# Oh man... how cheap can you go....



## PrOxLaMuS© (Aug 11, 2002)

> ED Type Universal Intercooler Effect
> Can't Afford a Turbo? Here's a more Economical Solution! Includes: Intercooler Effect, 2 Pipings, 4 Rubber Adapters, and 8 Hose Clamps. NOTE: NOT FUNCTIONAL, ONLY FOR SHOW. ***** effect (ef'fect) n. : Something that produces a specific impression or supports a general design or intention.













who in gods name would go out and spend $299.00 for an NON-Functional intercooler.. look alike....


make your comments please


----------



## Guest (May 3, 2003)

As Mr. Barnum said... "There's a sucker born every minute..."


----------



## nitestridar (Jun 29, 2002)

i wouldn't pay $5.00 for it...
I would rather put my altezza lights back on my car


----------



## Neil (Aug 13, 2002)

what the heck do you say when someone notices it and asks to check your engine?


----------



## JustMe (Jan 24, 2003)

OMG I wonder if they make one for GT-R mustangs????


----------



## LethalAudio (Feb 12, 2003)

I got one more for ya. Turbo sound simulator. $129, I saw it in the back of Super Street. Its set to a certain RPM and engages when it hits...I dunno if its the turbo or if its the blowoff valve...but either way....its pathetic


----------



## altimate94 (Nov 28, 2002)

LethalAudio said:


> *I got one more for ya. Turbo sound simulator. $129, I saw it in the back of Super Street. Its set to a certain RPM and engages when it hits...I dunno if its the turbo or if its the blowoff valve...but either way....its pathetic *


 yeah, but if you get this and the fake FMIC, then you'll never lose...........maybe even add some NAAWWWWSSSS stickers.................


----------



## LethalAudio (Feb 12, 2003)

altimate94 said:


> *yeah, but if you get this and the fake FMIC, then you'll never lose...........maybe even add some NAAWWWWSSSS stickers................. *


Oh yea dont forget the High Performance Pedals and Stickers.


----------



## Felonious Cat Stalker (May 1, 2002)

OMFG. Who is that stupid/lame/wannbe/idiot whatever you want to call it that they'd buy that, let alone spend $300 bucks. Idiots.

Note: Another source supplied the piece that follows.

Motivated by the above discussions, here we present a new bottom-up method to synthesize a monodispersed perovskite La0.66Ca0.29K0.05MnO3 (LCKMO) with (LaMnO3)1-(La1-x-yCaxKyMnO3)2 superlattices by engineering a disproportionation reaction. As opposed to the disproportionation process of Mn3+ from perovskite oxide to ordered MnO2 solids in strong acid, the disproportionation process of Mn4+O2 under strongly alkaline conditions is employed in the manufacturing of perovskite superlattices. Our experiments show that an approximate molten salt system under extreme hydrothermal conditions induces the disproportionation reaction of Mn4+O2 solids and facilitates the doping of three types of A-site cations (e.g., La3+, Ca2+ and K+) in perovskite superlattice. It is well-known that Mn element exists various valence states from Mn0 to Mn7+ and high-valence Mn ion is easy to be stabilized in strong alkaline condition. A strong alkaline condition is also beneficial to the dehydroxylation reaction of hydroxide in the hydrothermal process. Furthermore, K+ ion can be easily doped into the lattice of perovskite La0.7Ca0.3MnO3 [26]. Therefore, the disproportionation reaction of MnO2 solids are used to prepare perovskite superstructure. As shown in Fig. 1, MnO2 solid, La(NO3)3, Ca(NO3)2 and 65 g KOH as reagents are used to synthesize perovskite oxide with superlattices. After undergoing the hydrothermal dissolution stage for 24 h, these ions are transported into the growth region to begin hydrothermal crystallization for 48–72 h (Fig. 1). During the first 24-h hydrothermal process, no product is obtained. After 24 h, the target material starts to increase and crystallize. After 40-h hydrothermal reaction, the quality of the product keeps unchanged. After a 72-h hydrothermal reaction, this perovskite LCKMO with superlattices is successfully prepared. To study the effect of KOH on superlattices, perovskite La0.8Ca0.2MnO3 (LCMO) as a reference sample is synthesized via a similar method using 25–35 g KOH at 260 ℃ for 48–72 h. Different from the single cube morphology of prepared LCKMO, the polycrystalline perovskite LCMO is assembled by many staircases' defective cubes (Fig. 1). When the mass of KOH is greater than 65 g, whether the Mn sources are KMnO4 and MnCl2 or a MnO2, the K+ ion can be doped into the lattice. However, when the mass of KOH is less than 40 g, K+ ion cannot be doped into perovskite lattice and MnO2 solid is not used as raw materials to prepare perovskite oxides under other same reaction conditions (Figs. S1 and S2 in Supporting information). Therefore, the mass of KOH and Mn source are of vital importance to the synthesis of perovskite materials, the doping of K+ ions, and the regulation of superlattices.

Can't afford a turbo? Then don't fake it and make your car look cheap. You're going to look like a punk when you try to race that Geo.

Who goes for this shit? 20 year old losers who are trying to impress 14 year old girls? Idiots.


----------



## LethalAudio (Feb 12, 2003)

Its like buyin the cover off an amp and the cone out of a woofer to mimic a sound system...


----------



## 707nismo (Mar 14, 2003)

PrOxLaMuS© said:


> *
> 
> 
> 
> ...


----------



## runik (Dec 31, 2002)

does it not come with matching guages?!?


----------



## Psch91 (May 18, 2002)

Id buy the Fake intercooler! With the Fake Turbo Sound!

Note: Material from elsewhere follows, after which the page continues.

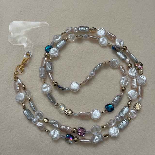 様々な形状のパールビーズを使用したスマホショルダーストラップです。 ショッピングは手ぶらでスマホ決済でき、キャンプやスポーツ観戦時も手軽にカメラが使え、公園で大きな荷物は置いたままスマホは持ち歩けるといった便利な商品です。 ※スマホで使用するためのストラップホルダーも一緒におつけいたします。 ケースは付属しておりませんのでご注意ください。 お持ちのケースに取り付けてお使い頂けます。 長さ約120cm

And then put a whistle tip in my exhaust, and WHOO WHOOOO!

HAHA, this stuff is stupid and anyone who has it should get their license revoked.


----------



## sno (Oct 4, 2002)

someone has to be buying this crap other wise they wouldn't be making it. anyone seen the speaker box that looks like a nos bottle?


----------



## NissanTuner (Dec 1, 2002)

bazooka bass, and those actually sound pretty good. theyre just dressed up like a nos bottle to hide what is usually a big garish ugly box. thats innovative. this.. well this is crap.


----------



## Psch91 (May 18, 2002)

sno said:


> *someone has to be buying this crap other wise they wouldn't be making it. *


Uhm, not necessarily. They could have made it, and then there just wasnt a demand. That doesnt mean someone if buying them for the company to have them. Just cause something is made doesnt mean there was a demand from people.


----------



## Guest (May 3, 2003)

LMAO...oh my god I still can't beleive that there are idiots who would spend so much money on crap like this. Hey if you want to throw your money away just give it to me I need a cat back exhaust.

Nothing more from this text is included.